Джейми ждал, раздумывая, относится ли это ирландское стихотворение к словам, сказанным женщиной. «Если ты отправляешь бедного Джона в Ирландию…»

Джон Грей мог бы отправляться с его благословения хоть в Ирландию, хоть к черту, но напоминание о Куинне и его ирландской затее бросило Джейми Фрейзера в дрожь.

Внезапно Пардлоу скомкал бумагу в комок и швырнул ее в стену, как мячик, с возгласом на греческом языке.

— И какое это имеет отношение к Сиверли? — требовательно спросил он, глядя на Джейми.

— Сиверли, — повторил тот, пораженный, — Джеральд Сиверли? — он был готов откусить себе язык, заметив, как меняется лицо герцога.

— Вы знаете его, — сказал Пардлоу. Он говорил тихо, словно охотник, боящийся спугнуть дичь.

Не было смысла отрицать. Джейми пожал плечами.

— Я знал когда-то человека с таким именем. Ну и что?

Герцог откинулся назад, глядя на Джейми.

— И что, в самом деле? Будете ли вы так любезны рассказать мне, при каких обстоятельствах познакомились с Джеральдом Сиверли?
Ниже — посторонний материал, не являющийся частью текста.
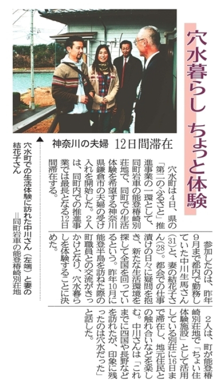 ▽穴水暮らし ちょっと体験 田舎/地方を中心に旅をし...その途中、能登・穴水町(石川県)で田舎体験暮らしがあることを知り、田舎暮らしを「ちょっと体験」した。 「ちょい住み体験」としてはぼくら田舎バックパッカー夫婦が最初の体験者。旅の途中 穴水町で出会った当時 穴水町役場の企画振興課の課長 新田信明さん(現・町の議員)が企画したもの。 |
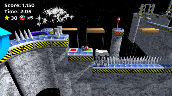 On A Roll 3D takes you beyond the stratosphere to a world of planets, moons, rockets and satellites. Take a shortcut via a UFO teleporter, or go on a "moonroll" in a low gravity chamber. You'll come across some old favourites in the shape of spinning spikes, flame throwers and circular saws, each with some extra lethal enhancements, and you'll have to contend with brand new exploding stars, timed switches and space rovers. Be careful not to fall off the edge of any platforms... it's a long way down.Level 8 - Boulder Passage

Джейми прикинул, отвечать ему или нет. Он ничем не был обязан Сиверли, и, скорее всего, не мог навредить ему, учитывая, что он понятия не имел, зачем Пардлоу вызвал его сюда. Возможно, ему придется быть невежливым, но не сейчас. Кроме того, герцог накормил его. Как бы подтверждая эту мысль, герцог полез в шкаф и достал пузатую бутылку коричневого стекла и пару истертых оловянных стаканов.

— Это не взятка, — пробормотал он, поставив их на стол с мимолетной улыбкой. — Я не могу сохранять самообладание без этого напитка, когда говорю о Сиверли.

Вспомнив эффект вина после длительного воздержания, Джейми собирался отказаться, но услышав запах из откупоренной бутылки, он кивнул, соглашаясь.

— Сиверли, — медленно сказал он, поднимая стакан. — Как же я с ним познакомился?

Ответ пришел так же неожиданно, как и вопрос. Мина Ренни, ныне известная как герцогиня Пардлоу. Он отмел в сторону эту мысль, медленно вдыхая терпкий запах.

— Его считали ирландцем, потому что у него была земля в Ирландии и, по-моему, его мать была ирландкой. Он был другом О'Салливана, который позднее стал интендантом у… Чарльза Стюарта.

Пардлоу быстро взглянул на Джейми, заметив, как он запнулся, чуть не сказав «Принца Чарльза», но кивнул, ожидая продолжения.

— Якобитские связи, — заметил герцог. — Но сам не якобит?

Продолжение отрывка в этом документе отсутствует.